George and Lennie run into trouble with The Boss's hot-tempered son, Curley, played with seething fire by Chris Guerrieri.  Things get further complicated when Curley's wife begins hanging out around the ranch hands' bunkhouse.  Elizabeth Vining plays the wife with a complex mixture of cross-purposes.  Instead of playing her as a two-dimensional tramp, Fining finds a real character there.  Perhaps she is ready to cheat on her husband, but perhaps she's just lonely and bored and looking only for friendship.

Matt Peck plays the mule-team driver Slim as the natural leader of the men, the one who tries to control the situations that threaten to spiral out of hand and lend whatever wisdom he can summon to guide his fellow workers caught between the severe, distant Boss and his pugnacious son.  Chris Ballard plays the crippled black man, Crooks, with rich character.  He shows Crooks' status as an outsider on the farm, and demonstrates a very believable mixture of wariness and longing as he finally dares to break down his own defensive wall and befriend Lennie. 

Ian Ernsberger played the ranch hand Carlson as a brusque, no-nonsense figure, while Steven Crano played ranch hand Whit as a likeable fellow caught up in the tensions whirling around him.

Jacklin made George a well-rounded character consisting of equal parts selfless devotion, world-weariness and stinging resentment.  It was agonizing watching Jacklin bring his character to the realization near the end of the play that he must be the one to do something about Lennie.  Remarkable, too, with such potentially volatile material, is the restraint that Jacklin used, keeping his character from ever coming across as hectoring or maudlin.

Starr, a massive 6 1/2-foot tall man, had the size to make Lennie imposing, yet the child-like charm to make him endearing.  His moments of confusion and panic, such as when he accidentally kills his pet puppy, are wrenching and utterly convincing.

Jeffrey Gardner's direction was focused and flowing, sharpening both comic and tragic moments to full effect.  The lighting was as spare as the set pieces, helping focus attention on the interplay of the actors.
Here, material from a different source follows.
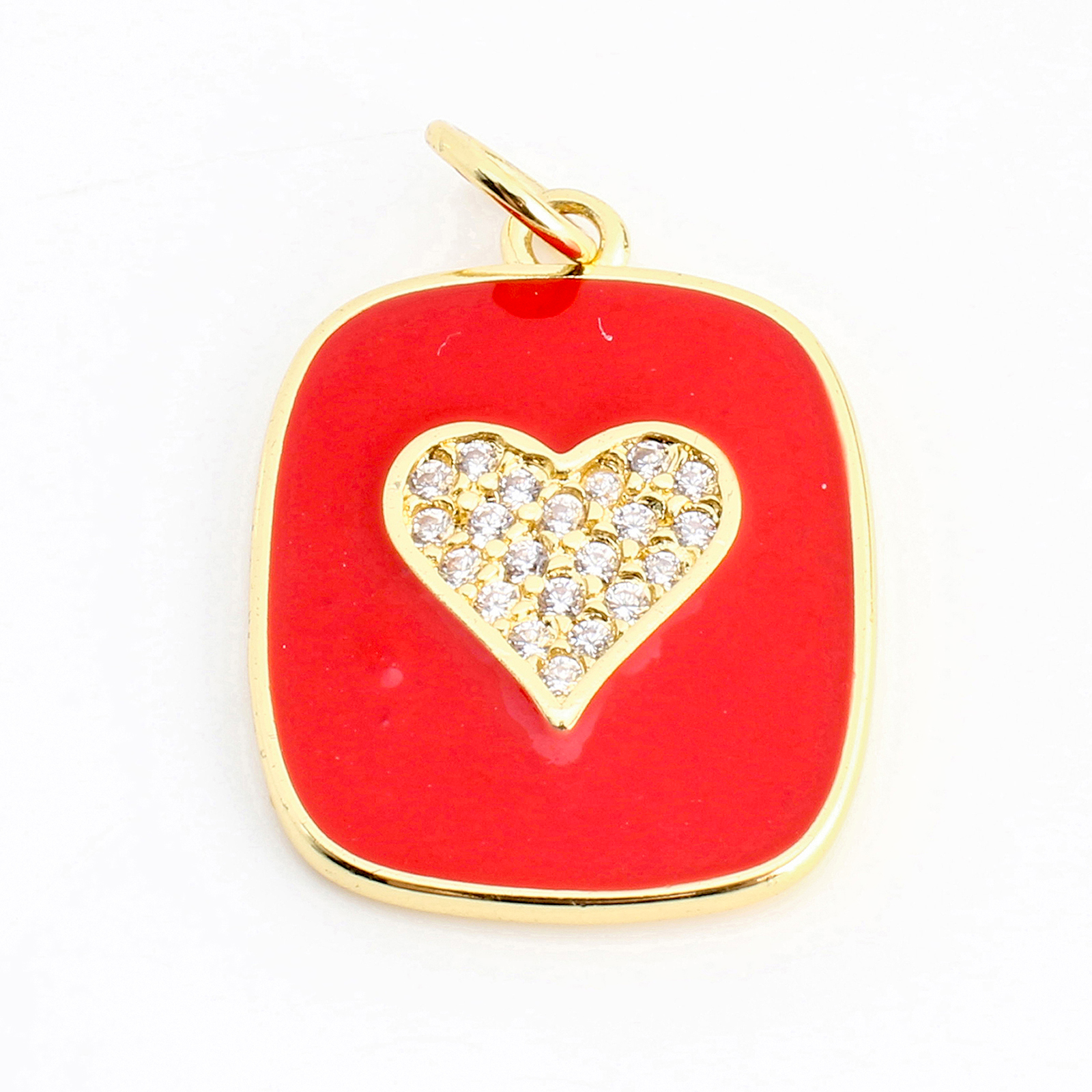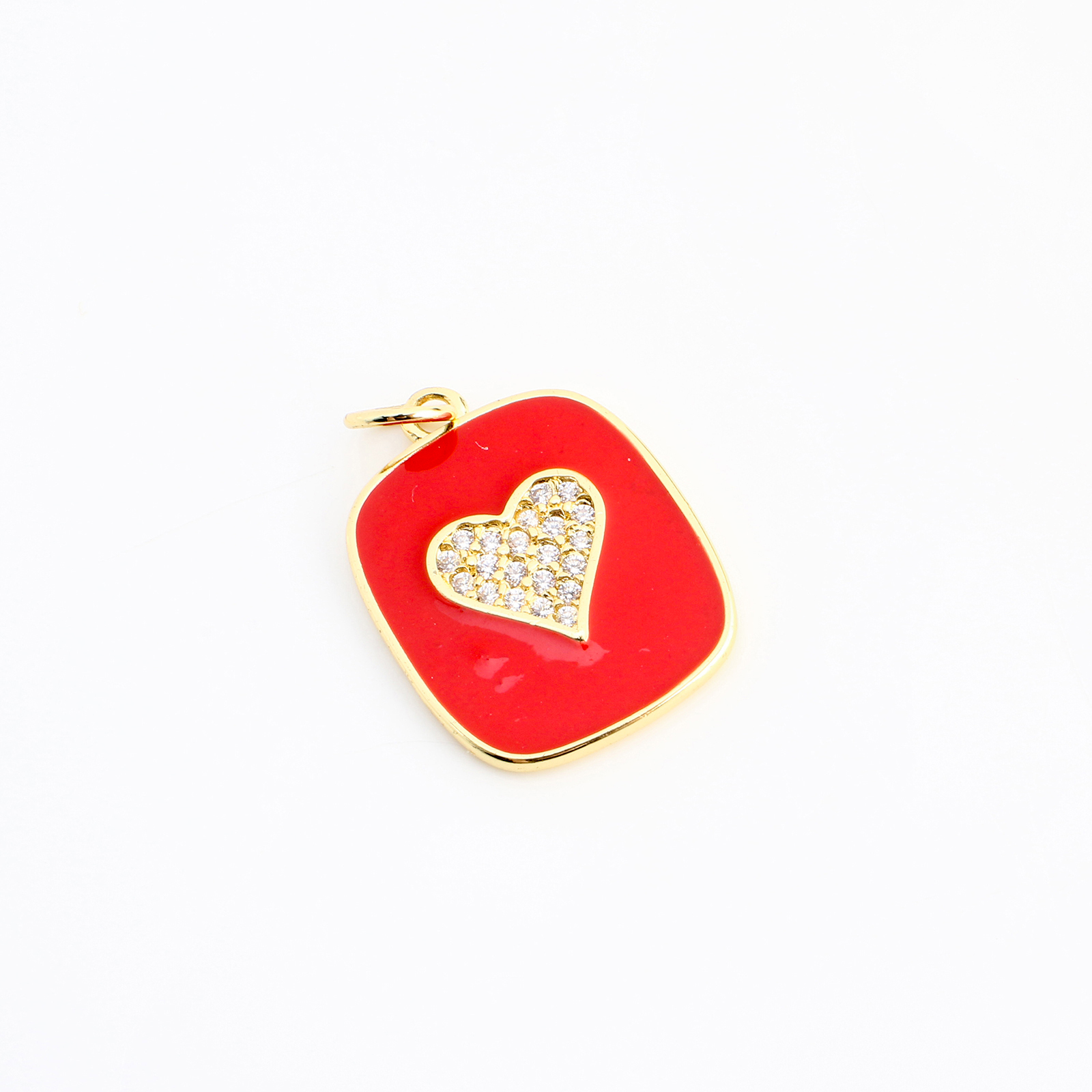Cúbicos Circonia Colgante Latón Micro pavimenta, metal, Corazón, chapado en color dorado, Bricolaje & micro arcilla de zirconia cúbica & esmalte, 19x15x1mm, Vendido por UD
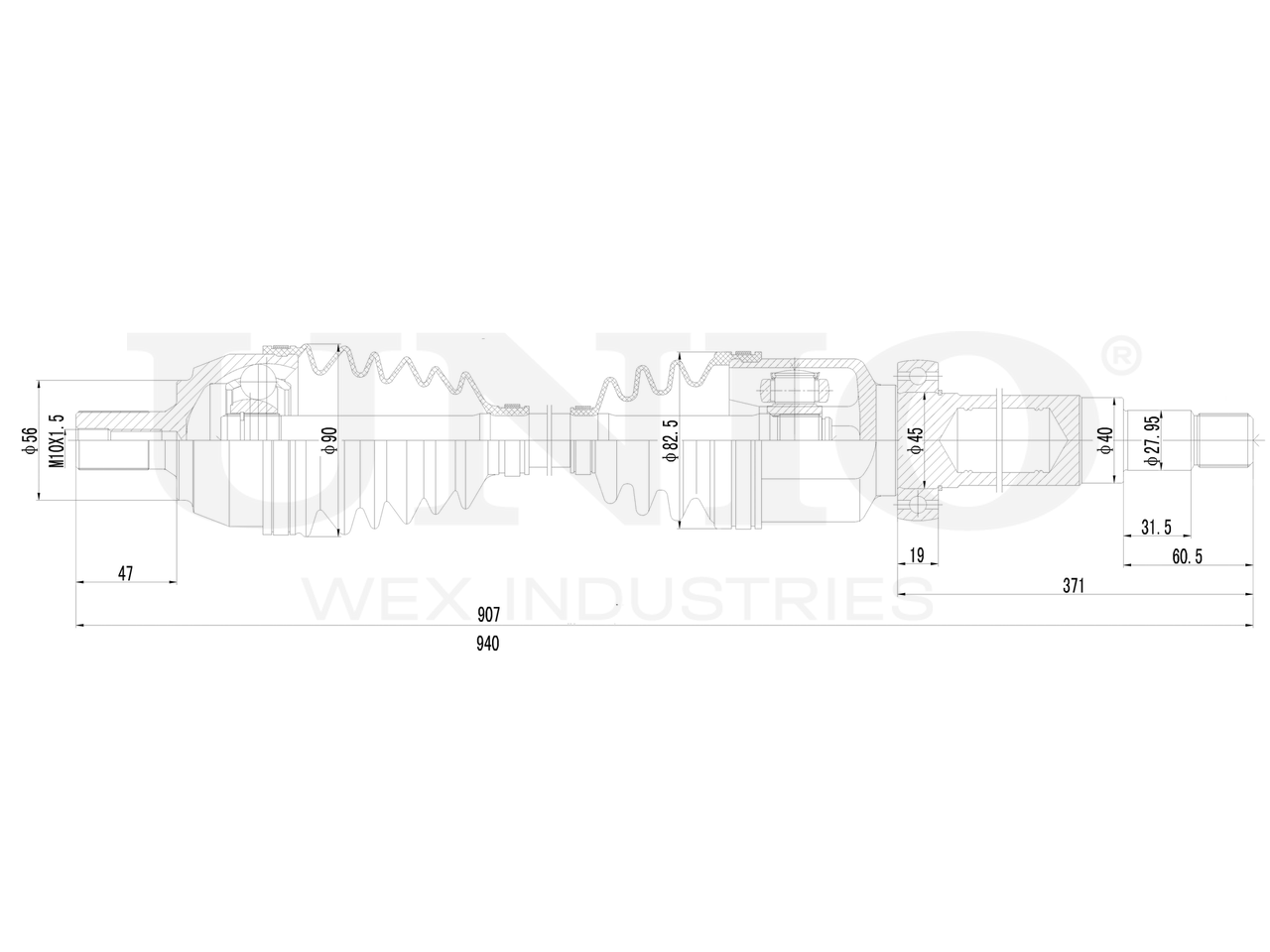 Артикул товара - CVJ-10003, Сторона установки:Передний мост справа, Внешнее зацепление со стороны колеса:36, Внешнее зацепление со стороны дифференциала:23, Диаметр прокладки [мм]:56, Длина [мм]:907, Диаметр 2 [мм]:76, Диаметр шарнира [мм]:81.4, Диаметр ролика трипоида [мм]:32, Размер резьбы:M10x1,5, EAN:4657814482285, EAN:4657814482285, Тип упаковки:коробка, Длина упаковки [мм]:1000, Ширина упаковки [мм]:125, Высота упаковки [мм]:125, Вес нетто [кг]:7,35, Вес брутто [кг]:7,75

The performance ended with a question-and-answer session between students and the cast and crew members.  One student asked if Steinbeck was racist, due to his use of a highly offensive racial epithet in the play.  Ballard, who is black, answered that Steinbeck was actually a visionary decades ahead of his time, for though he used the then-common word, he also went out of his way to flesh out the character of Crooks as a segregated figure longing for the human contact unfairly denied to him.

In answering what was his favorite part of the production, Gardner said he loved the moment when the rehearsal went off book and first began to come to life.  Jacklin said he loved the process of theatre, reinventing the characters and how the react and listen to each other in every performance.  Starr said he loved that he was able to bring a lot of life experience to the role of Lennie, learned by working for 15 years with mentally retarded and developmentally disabled people,some of whom were very much like Lennie. 

The play runs this weekend only, with performances Friday and Saturday at 8 pm and Sunday at 2 pm.  All performances are in the Hill Theater, on the campus of Kenyon College in Gambier.